Hence, $\mathbf {u}[x,y] \approx \mathbf {v}[x,y]$ is $x^\circledast xy \approx x^\circledast yx$ , which contradicts Remark 6.3.

Case 2: $\operatorname {\mathsf {occ}}(x,\mathbf {u}_\ell )=2$ . Then

$$ \begin{align*} \mathbf{u} & = \mathbf{u}_0 \cdot \mathbf{s}_1 \mathbf{u}_1 \cdots \mathbf{s}_{\ell-1} \mathbf{u}_{\ell-1} \cdot \mathbf{s}_\ell \underbrace{\mathbf{u}_\ell}_{x^2} \cdot \, \mathbf{s}_{\ell+1} \mathbf{u}_{\ell+1} \cdots \mathbf{s}_m \mathbf{u}_m, \\ \mathbf{v} & = \mathbf{u}_0 \cdot \mathbf{s}_1 \mathbf{u}_1 \cdots \mathbf{s}_{\ell-1} \mathbf{u}_{\ell-1} \cdot \mathbf{s}_\ell \mathbf{v}_\ell \cdot \mathbf{s}_{\ell+1} \underbrace{\mathbf{v}_{\ell+1} \cdots \mathbf{s}_m \mathbf{v}_m}_{\text{two occurrences of } x}. \end{align*} $$

Hence, $\mathbf {u}[x,y] \approx \mathbf {v}[x,y]$ is $x^2y \approx yx^2$ , which contradicts Remark 6.3.
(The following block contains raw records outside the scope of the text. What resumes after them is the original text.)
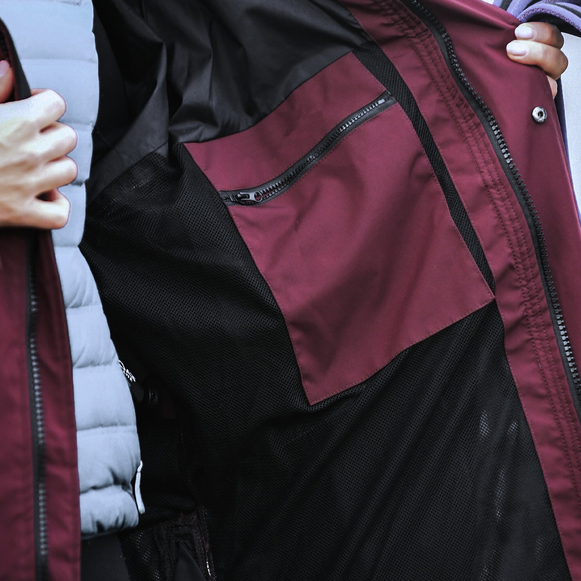 Two fleece-lined hand pockets and one internal chest pocket- all waterproof and perfectly sized for warmth and secure storage.
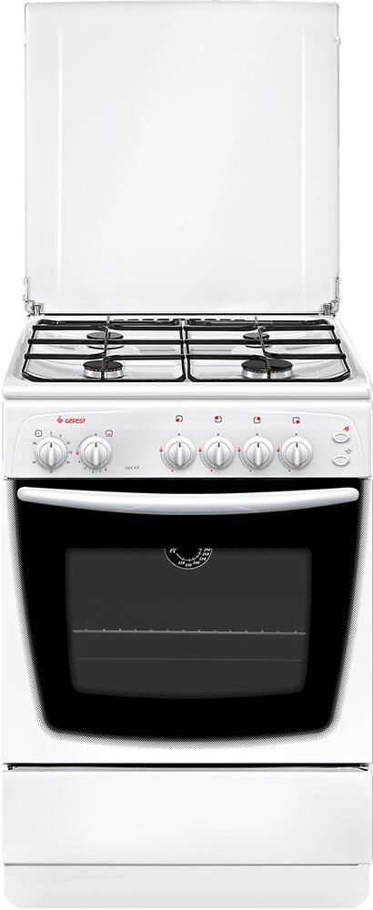 Газовая плита. Габариты ШхГхВ: 60х60х85 см. Цвет: белый. Варочная поверхность: эмалированная. Полезный объём духовки: 63 л. Выдвижной ящик для посуды и принадлежностей. Таймер механический. Газ-контроль духовки. Термоуказатель духовки. Ножки регулировочные. Штампованные направляющие духовки. Подсветка духовки одинарная. Электророзжиг горелок, кнопка розжига на панели. Стальные решетки горелок стола. Количество зон приготовления: 4. Металлическая крышка. Класс электробезопасности: II.
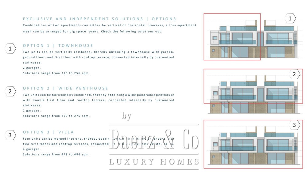 The architecture is distinguished, with each residence featuring living spaces between 104 and 200 m², generous panoramic terraces, private gardens, and bespoke high-end finishes. The quality and elegance of these properties are present in every line and material.
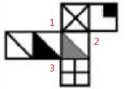 此時(shí)我們看到,題目每個(gè)選項(xiàng)都是要兩個(gè)三角形和×這三個(gè)面相連的關(guān)系,根據(jù)剛剛標(biāo)的點(diǎn),是1連接了這三個(gè)面,所以應(yīng)該在黑三角圖中位置方向的右上角,灰色三角圖中位置的左上角,×面的任意位置,根據(jù)這三個(gè)位置鎖定答案D。
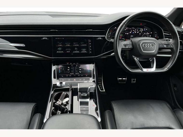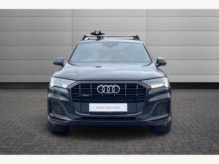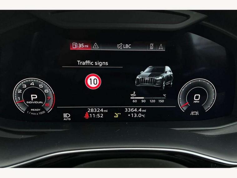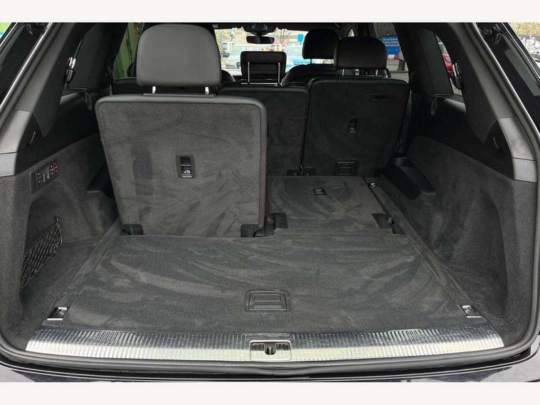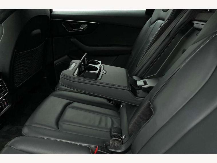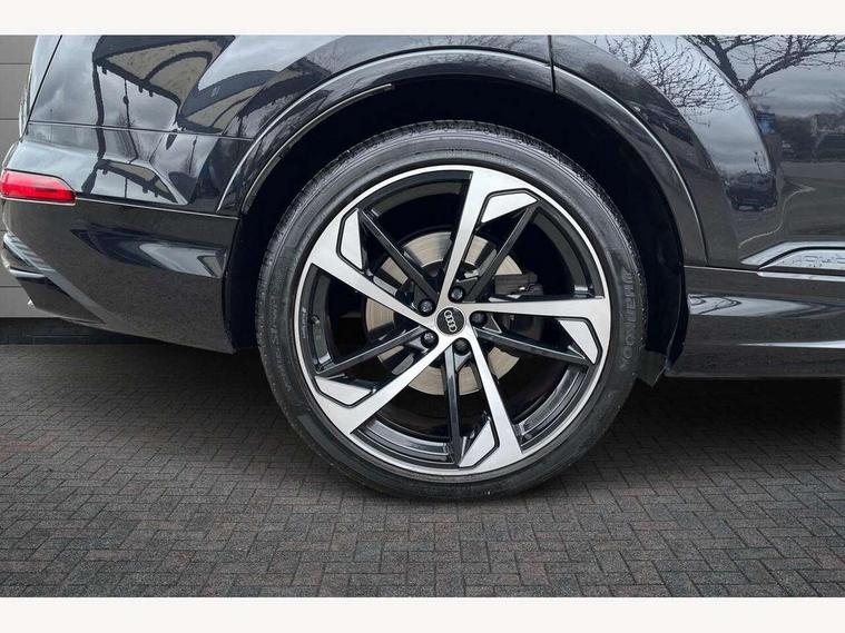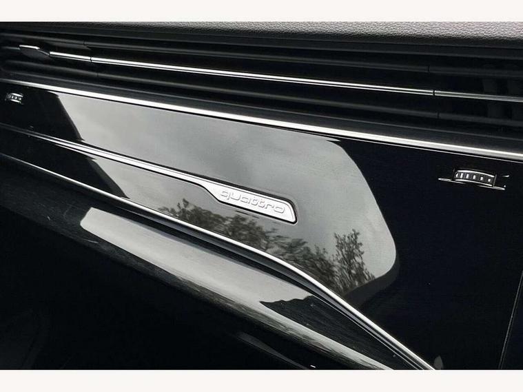 Audi connect safety and service (e-call), Audi drive select (Auto, Comfort, Dynamic, Efficiency, Individual, Off-road and All road), Audi phone box with wireless charging, Audi smartphone interface includes wireless Apple carplay/Android Auto, Camera based traffic sign recognition, Electromechanical steering, MMI navigation plus with MMI touch screens includes 10.1" and 8.6" screens with haptic feedback, Natural voice recognition, Parking system plus - front + rear sensors, Power operated tailgate, Rear view camera, Start/stop system, 48V Mild hybrid technology, 85 litre fuel tank, Adaptive air sports suspension, Quattro all wheel drive with self locking centre differential, Audi music interface - front 2 USB-C ports with charger and data functions, Audi sound system with 6 channel amplifier, 180 watt amplifying capacity and 10 loudspeakers including subwoofer, DAB digital radio module, Audi matrix LED headlights with dynamic front and rear indicators, Auto dimming frameless rear view mirror, Black roof rails, Bumpers in contrast paint scandium grey finish includes door trim and wheel arch trim strips, inlays in door strip contain quattro embossing, Electrically adj heated/folding + automatically dimming exterior mirrors with memory + automatic kerb side function for passenger side exterior mirror, Heat insulating glass in windshield, Integrated LED indications in door mirrors, LED daytime running lights, LED rear tail lights, Privacy glass - dark tinted rear and rear side windows from B-pillar backwards, 4 zone deluxe automatic climate control, 7 seat layout with ISOFIX points for the front passenger seat and rear passenger seat, Black cloth headlining, Comfort front centre armrest, Folding rear seats, Front head restraints, Front/rear floor mats, Heated front seats, LED interior ambient lighting, Luggage compartment cover, Luggage compartment sill protection in stainless steel, Rear head restraints, Stainless steel pedals, Sunvisors with illuminated vanity mirrors, Tool kit, Titanium black styling pack - Q7/SQ7, 3 point seatbelts on all rear seats, Audi pre sense front, Driver and front passenger, front side and curtain airbags, Electromechanical parking brake, Electronic Stabilisation Control (ESC) including ABS, ASR and EDL, Extended pedestrian protection measures, Hill hold assist, Seatbelt monitoring, Tyre pressure loss indicator, Warning triangle and first aid kit, Anti theft alarm, Anti-theft wheel bolts and wheel loosening detection, Keyless go with remote central locking, Polished oak trim with grey finished, Tyre repair kit,
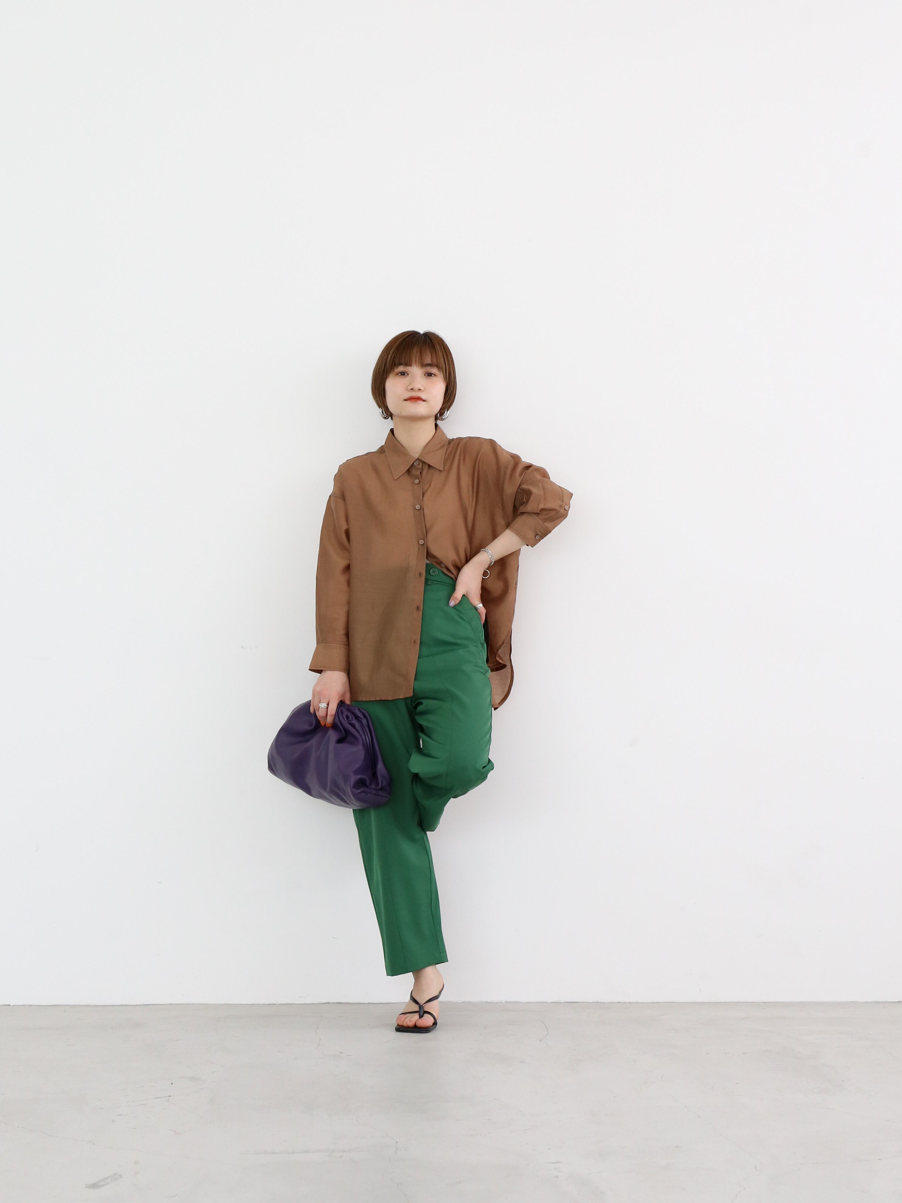 スラックスの品の良さと、カジュアルにも使えるパンツのデザインをさりげなくmixしているので、着こなし次第で幅広いスタイリングにフィット
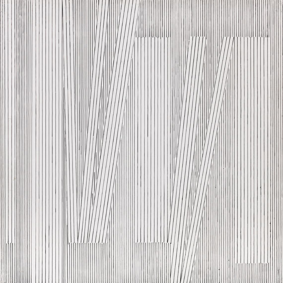 Lot 120002226. Henryk Stazewski. Nr. 8. 1974. 1974. Öl auf Hartfaserplatte. Verso signiert und datiert sowie schwer leserlich gestempelt und bezeichnet. 60 x 60 x 3 cm (23,6 x 23,6 x 1,1 in).Estimate: € 10,000 – 12,000. Ketterer. 07/17/20
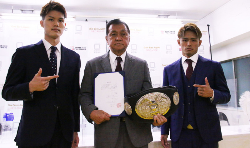 ウェルター級のベルトをかけて戦う奥山(右)と村田(左)調印式が行われた

Case 3: $x^\circledast \in \operatorname {\mathsf {con}}(\mathbf {u}_i)$ for some $i \in \{\ell +1, \ell +2, \ldots , m\}$ with $\circledast \in \{ 1,* \}$ and $x^* \notin \operatorname {\mathsf {con}}(\mathbf {v}_\ell )$ . Then

$$ \begin{align*} \mathbf{u} & = \mathbf{u}_0 \cdot \mathbf{s}_1 \mathbf{u}_1 \cdots \mathbf{s}_{\ell-1} \mathbf{u}_{\ell-1} \cdot \mathbf{s}_\ell \underbrace{\mathbf{u}_\ell}_x \cdot \, \mathbf{s}_{\ell+1} \, \underbrace{\mathbf{u}_{\ell+1} \cdots \mathbf{s}_m \mathbf{u}_m}_{x^\circledast}, \\ \mathbf{v} & = \mathbf{u}_0 \cdot \mathbf{s}_1 \mathbf{u}_1 \cdots \mathbf{s}_{\ell-1} \mathbf{u}_{\ell-1} \cdot \mathbf{s}_\ell \mathbf{v}_\ell \cdot \mathbf{s}_{\ell+1} \, \underbrace{\mathbf{v}_{\ell+1} \cdots \mathbf{s}_m \mathbf{v}_m}_{x \text{ and } x^\circledast}. \end{align*} $$

Hence, $\mathbf {u}[x,y] \approx \mathbf {v}[x,y]$ is either $xyx^\circledast \approx yxx^\circledast $ or $xyx^\circledast \approx yx^\circledast x$ , which contradicts Remark 6.3.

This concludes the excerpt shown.